# Opinoins on small square balers



## skyrydr2 (Oct 25, 2015)

Hi folks some really good reading here for sure! 
Any how here is my story: Pops is getting older and so is all his equipment, baler is a NH 310 that has baled too much cordwood....don't ask.. and needs to be replaced. What is a good reliable baler? Needs to make 40-50# bales consistantly and be able to run behind a 40hp tractor in a bind. Have 97hp availble.
Oh and JD stuff is out of the question.. local dealer is horrible.
We do on average 10-15k bales a season except this year.. drought killed us only made adout 5k. Anyways used or new if its not too $$ center or side pick up?


----------



## Vol (Jul 5, 2009)

A older Hesston or a later MF/Hesston(1835) would be a great choice for you for consistent bales that will operate behind a 40 hp tractor.

Regards, Mike


----------



## Hayman1 (Jul 6, 2013)

a NH570 is a good baler with hyd tension. If I were buying today, I would probably go for a MF1840 with blower, hyd tension and thrower. Just like the turning options better in a small field. What would really neat would be a selfpropelled 1840 but then you would not have the weight for a kicker wagon, bummer...


----------



## Wethay (Jul 17, 2015)

Just a thought, would you have enough height with your 40 horse for a inline? Of course a shield or two underneath is an option and I've seen a guy with a little Kubota drive back and fourth over the windrow to squash it down.


----------



## Trillium Farm (Dec 18, 2014)

Wethay said:


> Just a thought, would you have enough height with your 40 horse for a inline? Of course a shield or two underneath is an option and I've seen a guy with a little Kubota drive back and fourth over the windrow to squash it down.


He may have to slow down a bit but it should be able to do it, don't forget that this is in pinch his reg tractor has 97hp


----------



## 8350HiTech (Jul 26, 2013)

What 40hp tractor are we talking about? If it's a real farm tractor nearly any baler could be used with it in a pinch.


----------



## paoutdoorsman (Apr 23, 2016)

Something like these Mike?

https://akroncanton.craigslist.org/grd/5831592478.html

http://nashville.craigslist.org/grd/5836013949.html

https://lincoln.craigslist.org/grd/5829283510.html


----------



## skyrydr2 (Oct 25, 2015)

Them units are kinda far away from Mass. I've been looking and found only 1 Case inline so far way out in NY. 
I really like the simplicity of the inline units for sure! And price is comprable to any of the newer NH balers (570s) only thing is it needs a kicker on it, I dont have multiple loader tractors to handle accumulated bales.


----------



## VA Haymaker (Jul 1, 2014)

I get your local JD dealer is horrible, but IMHO dealers that know anything about a square baler, regardless of the color/brand are few and far between - so unless there is a warranty issue....

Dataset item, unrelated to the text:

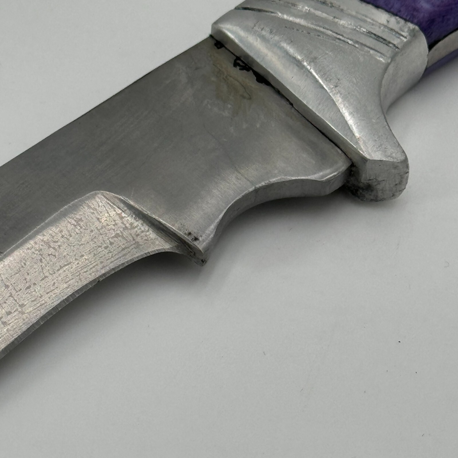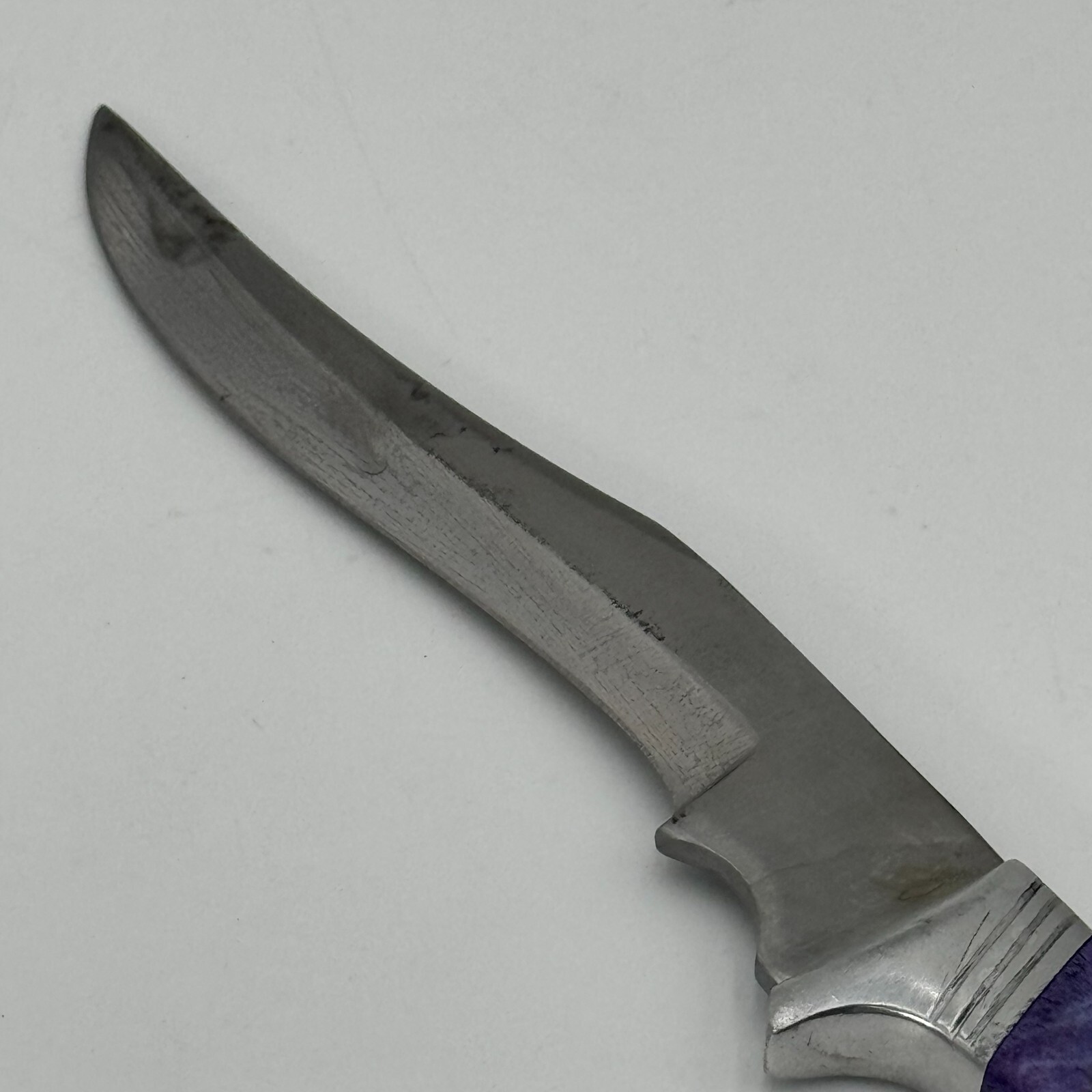The blade type is a trailing point and the knife is categorized as a modern fixed blade collectible.
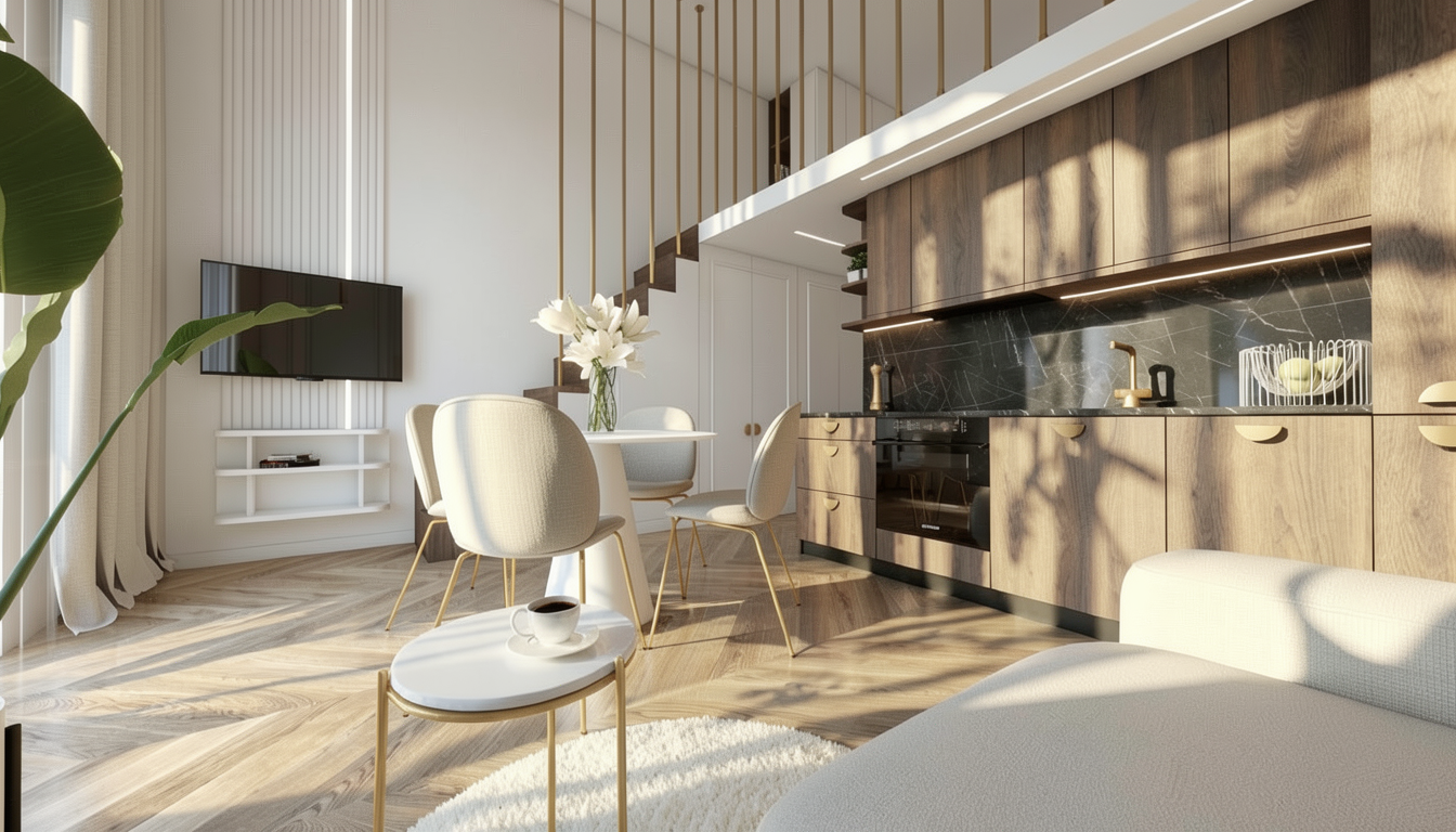 change the white tv stand by replacing the two central shelves with handleless white drawers leave the rest of the image unchanged

IMHO - for a used baler, you'll get better and more informed/accurate info regarding a repair, adjustment or simply using any color square baler from forums such as this.

Having said that.....

There is a nice looking JD square baler coming up for sale in Chichester NH on October 30 with a kicker.

Here is the link: https://westernmass.craigslist.org/grq/5835029477.html

A 40 PTO hp tractor IMHO will run this baler.

In searching Massachusetts and over in the Hudson Valley of NY, I would have thought a lot of balers would be on CL - but just isn't.

Good luck,
Bill


----------



## Idaho Hay (Oct 14, 2016)

In my neck of the woods, most everyone that makes small squares runs New Holland because they make good equipment and we have good dealer support. The BC5070 Hayline is the most popular model, and they can sure take a hard beating for a long time. I had a JD 337 for a long time, and though it served me well, I wouldn't trade my NH for it.


----------



## Farmerbrown2 (Sep 25, 2018)

Don't forget NH still makes a small baler model 5050 according to there web site only requires 35 hp I would go with dealer support. NH and Heston are both good balers.


----------



## skyrydr2 (Oct 25, 2015)

Thanks folks for all the input on this. Unfotunately i am not color blind except for one color and it is a good personal reason that i despize one color..the best dealer and deal would not change my mind and I would not hold it against anyone except myself if I ever parked that color in my yard..
I like the inlines alot and I like NH too and in the end my go with one if I cant find an inline. I really like the low direct pickup especially if we have another year like this one we just got over... The realy fine grass just rolls infront of the side pickup rigs because the fingers are so banged far apart and the radius so large..really makes it hard to make a good bale fast enough.


----------



## somedevildawg (Jun 20, 2011)

Must be orange  purty sure kubota and allis never made a baler.....you'll be ok


----------



## skyrydr2 (Oct 25, 2015)

LOL no i actually like K'botys they have really come a long way and make a super diesel engine. 
No i like all things Red,Orange,Yellow and Blue and Especially Brown and White as I grew up on one and we did some amazing things together.


----------



## 8350HiTech (Jul 26, 2013)

skyrydr2 said:


> Thanks folks for all the input on this. Unfotunately i am not color blind except for one color and it is a good personal reason that i despize one color..the best dealer and deal would not change my mind and I would not hold it against anyone except myself if I ever parked that color in my yard..
> I like the inlines alot and I like NH too and in the end my go with one if I cant find an inline. I really like the low direct pickup especially if we have another year like this one we just got over... The realy fine grass just rolls infront of the side pickup rigs because the fingers are so banged far apart and the radius so large..really makes it hard to make a good bale fast enough.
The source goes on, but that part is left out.